# Should the cross hairs be centered over the barrel?



## 35whelen (Jul 3, 2012)

Got my rifle drilled n tapped. Bases put on. Then I tried mounting the scope myself. I’ve messed this up in the past so I’m a little nervous about the result. The crosshairs don’t line up with the barrel. If I messed it up I’m just gonna beg lokey to fix it. I don’t know why I keep thinking I can mount a scope. I’m 2 for 4 on successful diy scope mounting. It has three turrets and one end is bigger than the other so I know I mounted it in the correct position.


----------



## Ray (May 10, 2018)

I would try another scope, make sure it's not just one that's messed up. Could be your mount, but before you pay someone to mount it for you, try a different scope.


Did you drill and tap it yourself?


I'm no gunsmith, but I hope something I said helps...


----------



## 35whelen (Jul 3, 2012)

Gunsmith drilled n tapped. It’s a 35mm scope so I don’t have any other scopes that size. I don’t have any others. I haven’t tried adjusting turrets to line it up yet.


----------



## Ray (May 10, 2018)

hopefully correcting it doesn't max it out.


----------



## Ray (May 10, 2018)

Can you have your gunsmith look at it for free?


----------



## sheepassassin (Mar 23, 2018)

This may be a dumb question, but have you tried shooting it yet?


----------



## KineKilla (Jan 28, 2011)

I’d check to be sure that the two mounts are square in relation to each other. I’d also be checking to see if turning them around 180 degrees sends the crosshairs off to the other side of the barrel or not.

If you turn them around and the crosshairs are then off to the left, then at least you’ll know it’s most likely the mounts and not that the smith drilled the holes incorrectly.

But no, your crosshairs should not be to one side or another and usually you can’t even see the barrel through the scope so....could be a parallax issue and everything is actually ok?


----------



## 35whelen (Jul 3, 2012)

It’s a ffp scope at 1x I cranked the the windage n it lines up now. Maybe that’s what confused me. I’ve never seen the barrel through the scope before. Also I have a big banded ramped front sight with shiny brass bead. I just put scope on today. Gonna get it to range as soon as I can


----------



## DallanC (Jan 13, 2009)

LOL, there's more than a few tack-driver rifles out there with beer can shims on their scope mounts. 

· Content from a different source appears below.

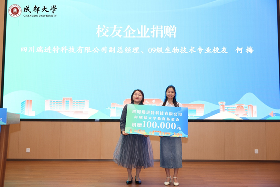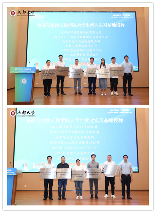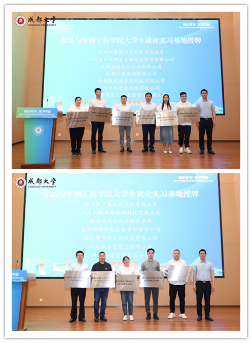 学院副院长张崟与四川博飞珂生物科技有限公司、四川新希望乳业有限公司等5家企业代表签约院企科研项目合作书。2009级生物技术专业校友何梅代表四川瑞进科技有限公司向学校捐赠10万元,定向用于学院教学、科研和人才培养。杂粮加工重点实验室副主任彭镰心为成都中国贸通信息科技有限公司、四川省丹丹郫县豆瓣集团股份有限公司等14家企业授“就业实习基地”牌。16名优秀校友受聘为学院大学生职业生涯和就业创业导师。

As long as you had the windage adjustment to align it then you are GTG.

-DallanC


----------



## waspocrew (Nov 26, 2011)

It should line up with your barrel, but like Dallan mentioned, if you have plenty of windage left, then you should be fine.


----------



## Whiskey H0und (Aug 26, 2016)

I have a .22 with a 1-4 on it. It doesnt necessarily look like it lines up with the barrel when I look through the scope, but it shoots lights out so I dont mess with it.


----------